The potential changes relate to an accounting surplus that is recognized on U.K. company balance sheets.
Currently, U.K. companies declare a pension fund surplus on their balance sheets. It is accepted as a surplus since there is a theoretical point where the company will be refunded that surplus, once the last member of a defined benefit plan is paid.
However, under changes that have been proposed by the IFRIC14 — a subcommittee of a branch of the International Accounting Standards Board — this surplus would no longer be recognized unless there is a realistic expectation that the company would have access to that surplus in the future.
Companies would therefore have to take into account the expected behavior of plan trustees, such as derisking plans, which could reduce the calculated accounting surplus.

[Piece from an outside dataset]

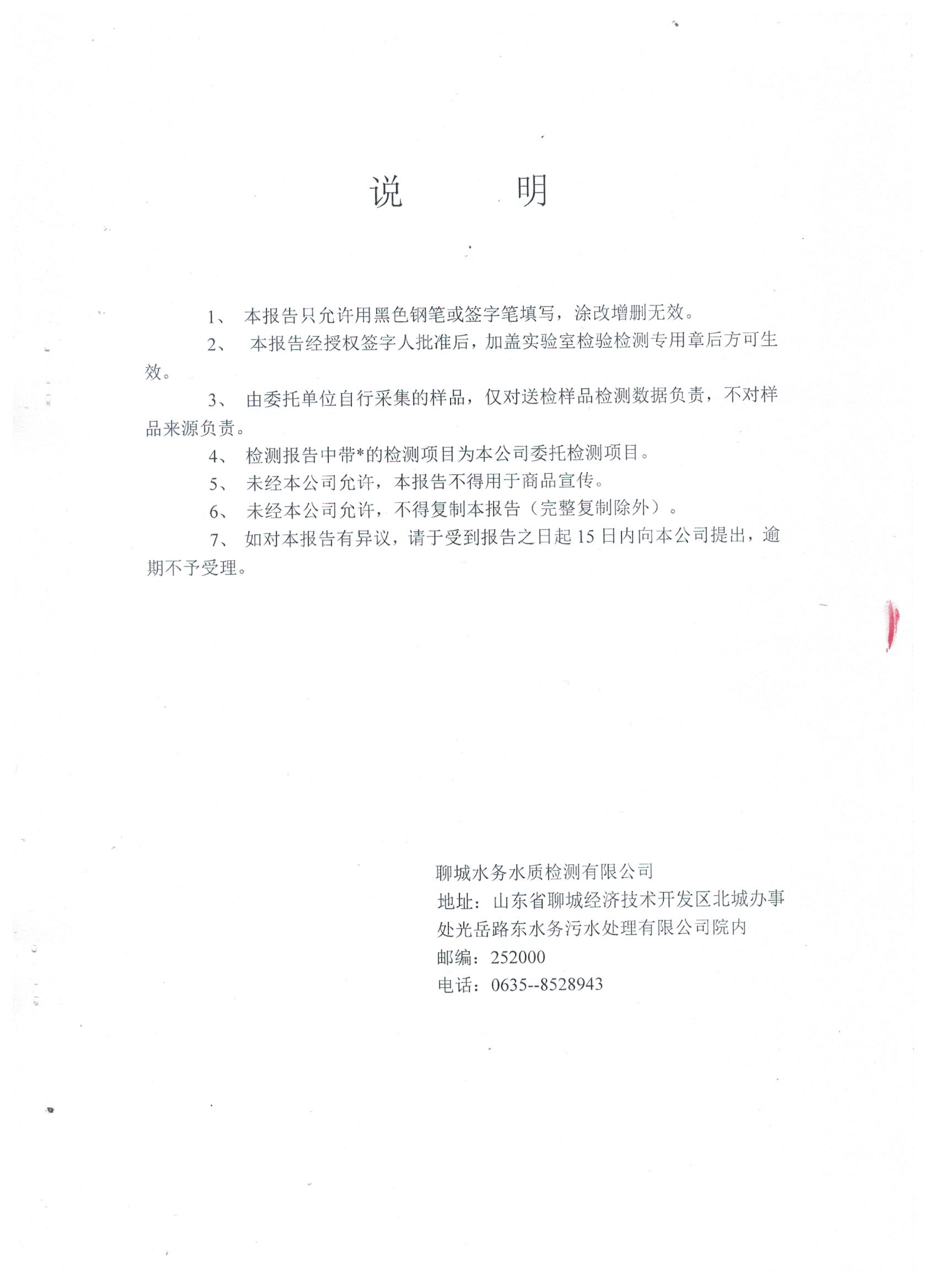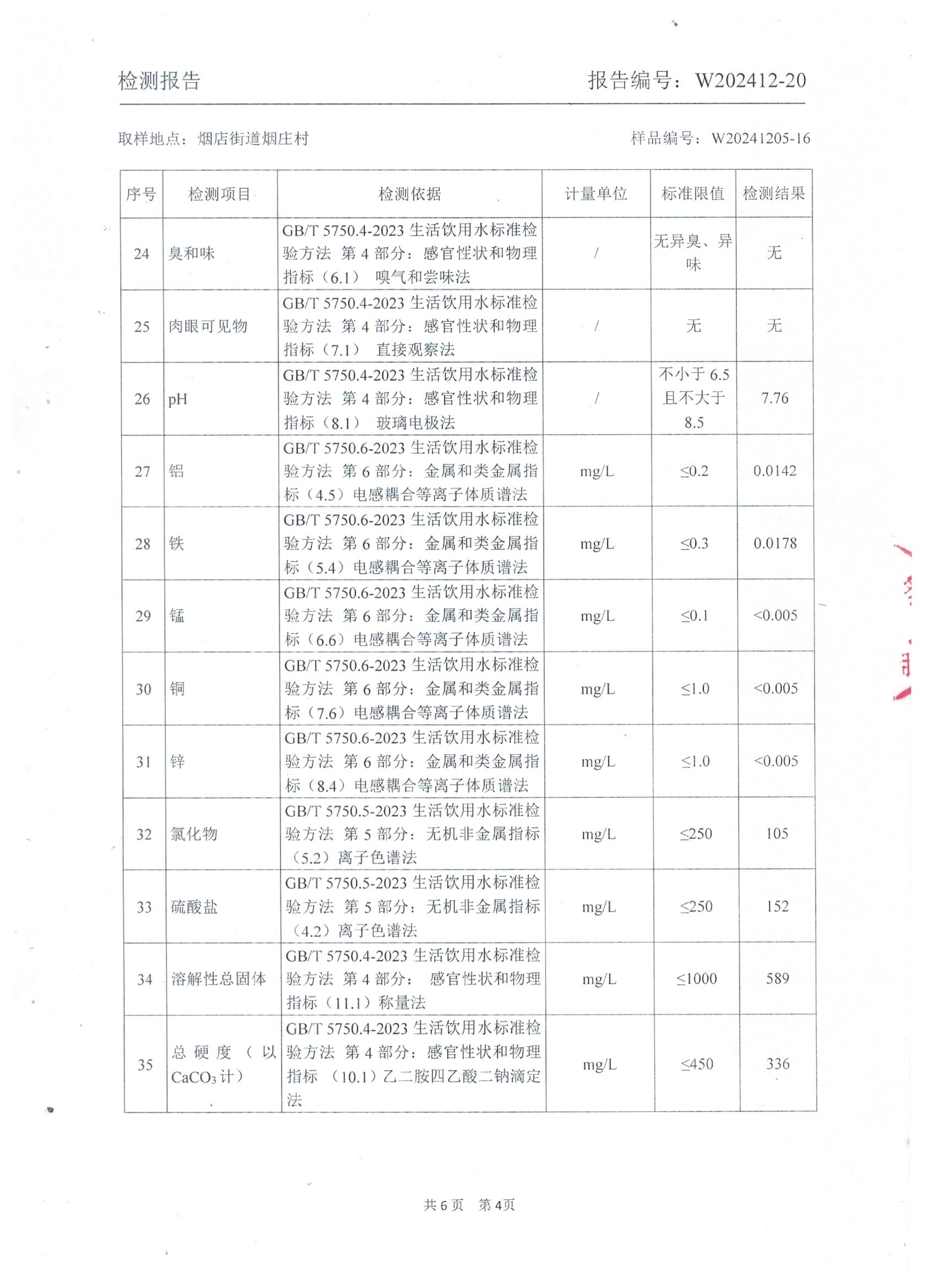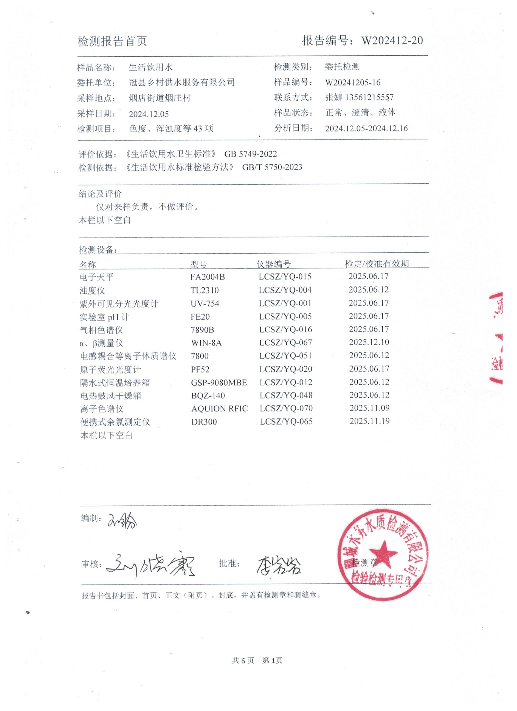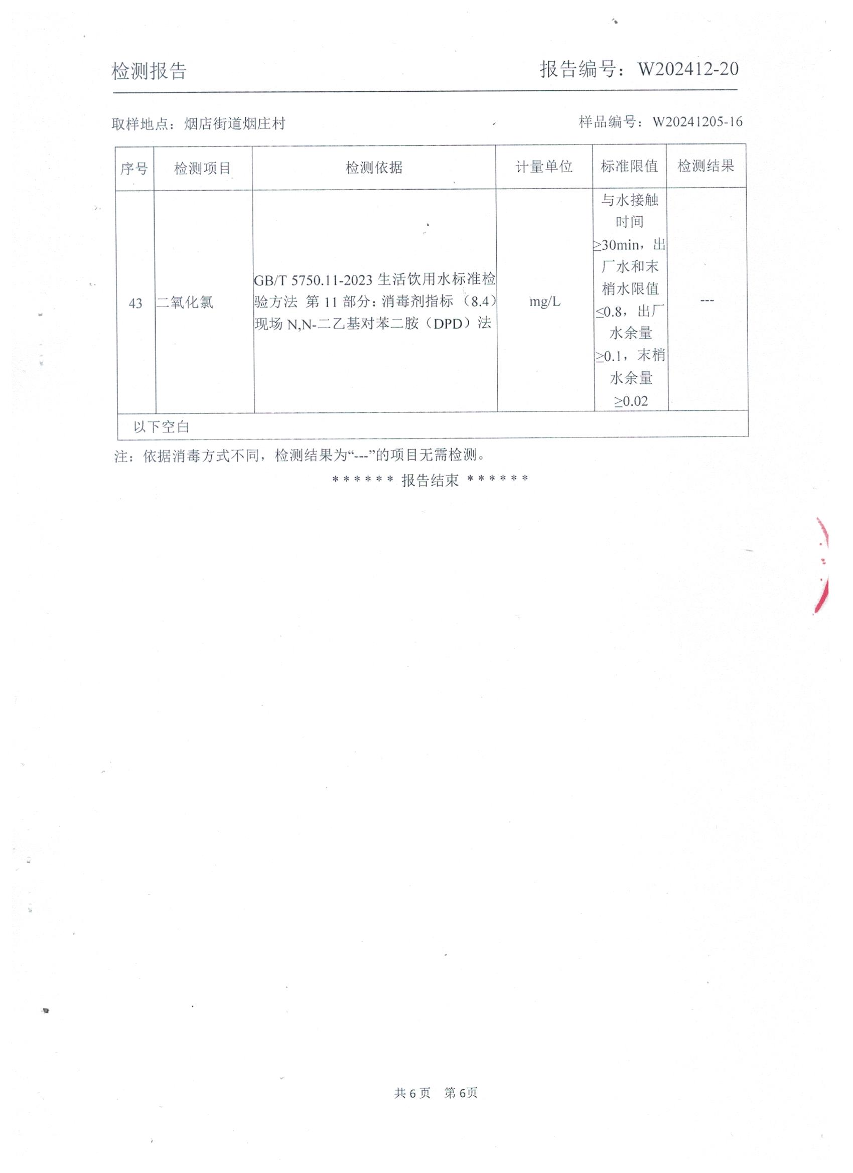 2024年12月管网水水质检测报告(烟庄)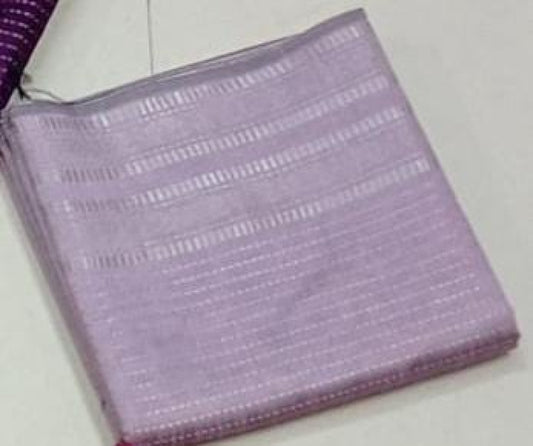 "Sophisticated and striking, this grey and purple Champa silk saree showcases a graceful fusion of subtle charm and royal hues, finished with a contrasting border that exudes timeless elegance."

“If the changes are made as we interpret them, companies will no longer be able to recognize the surplus on their balance sheets,” Simon Robinson, principal consultant at Aon Hewitt, said in a telephone interview. “That accounts for about £8 billion of the £25 billion.”
Further, companies that commit to ongoing deficit contributions, which are expected to deliver an accounting surplus in the future, would have to recognize those contributions as liabilities on corporate balance sheets. This could amount to as much as £20 billion for FTSE 350 firms, he said. The finance charges relating to pension plans would also rise by more than £1 billion each year.
“It is a nightmare as to how it may change behavior,” said Lynda Whitney, partner at Aon Hewitt. “This is almost as big a change as having to recognize pension funds on the balance sheet in the first place.”
Ms. Whitney expects that, as a result of the potential changes — which could come into play as early as 2017 — “we are likely to see contingent funding routes, which give trustees security but don’t require a company to lock away cash into a scheme, will become more popular — and in some cases may be used instead of cash.”
Separately, consultant Barnett Waddingham said Monday that 37% of every £1 paid spent on pension provisions was used to reduce existing defined benefit deficits for the 2013 fiscal year.
However, the consultant’s fourth annual report also found that FTSE 350 firms’ pension deficit contributions are now at their lowest level for five years.
The aggregate deficit for fiscal 2013 was £55.6 billion, a decrease of 12% compared with the aggregate shortfall for the 2012 fiscal year.